Plasticity After Brain Damage
• Destroyed cell bodies can not be replaced,
but damaged axons do grow back under
certain circumstances.
• If an axon in the peripheral nervous system is
crushed, it follows its myelin sheath back to
the target and grows back toward the
periphery at a rate of about 1 mm per day.
Plasticity After Brain Damage
• Damaged axons only regenerate 1 to 2
millimeters in mature mammals.
• Paralysis caused by spinal cord damage is
relatively permanent.
• Scar tissue makes a mechanical barrier to
axon growth.
• Myelin in the central nervous system also
releases proteins that inhibit axon growth.

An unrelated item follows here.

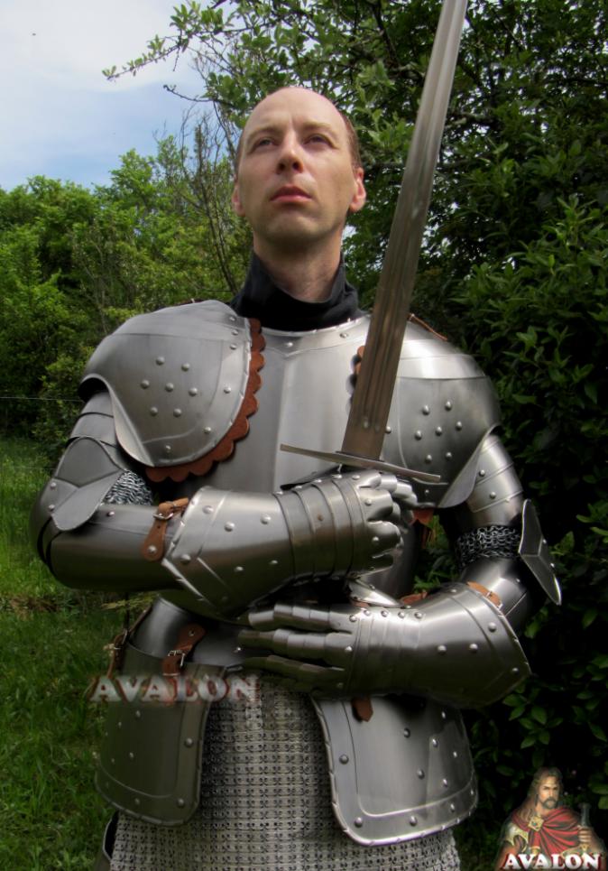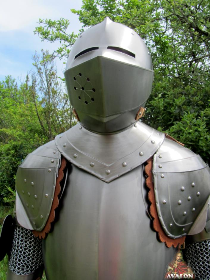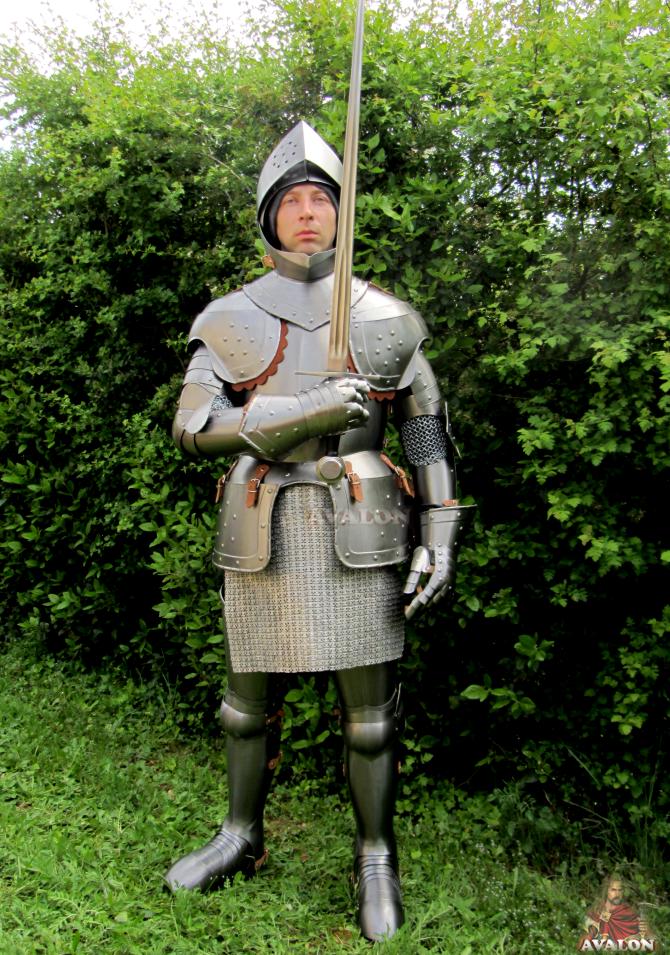 Armatura medievale indossabile (lucida) realizzata in acciaio lavorato a mano con base in legno e spadone in acciaio.

Plasticity After Brain Damage
• Collateral sprouts are new branches formed
by other non-damaged axons that attach to
vacant receptors.
• Cells that have lost their source of innervation
release neurotrophins that induce axons to
form collateral sprouts.
• Over several months, the sprouts fill in most
vacated synapses and can be useful, neutral,
or harmful.
Plasticity After Brain Damage
• Postsynaptic cells deprived of synaptic inputs
develop increased sensitivity to the neurotransmitter
to compensate for decreased input.
• Denervation supersensitivity- the heightened
sensitivity to a neurotransmitter after the destruction
of an incoming axon
• Disuse supersensitivity- the hypersensitivity to a
neurotransmitter after a result of inactivity by an
incoming axon.
• Both due to increased number and effectiveness of
receptors.
Plasticity After Brain Damage
• Phantom limb refers to the continuation of
sensation of an amputated body part and
reflects this process.
• The cortex reorganizes itself after the
amputation of a body part by becoming
responsive to other parts of the body.
• Original axons degenerate leaving vacant
synapses into which others axons sprout.
Plasticity After Brain Damage
• Phantom limb can lead to the feeling of
sensations in the amputated part of the body
when other parts of the body are stimulated.
Plasticity After Brain Damage
• Deafferenated limbs are limbs that have lost
their afferent sensory input.
• Deafferented limbs can still be used but are
often not because use of other mechanisms
to carry out the behavior are easier.
• The study of the ability to use deafferented
limbs has led to the development of therapy
techniques to improve functioning of brain
damaged people.
– focus on what they are capable of doing.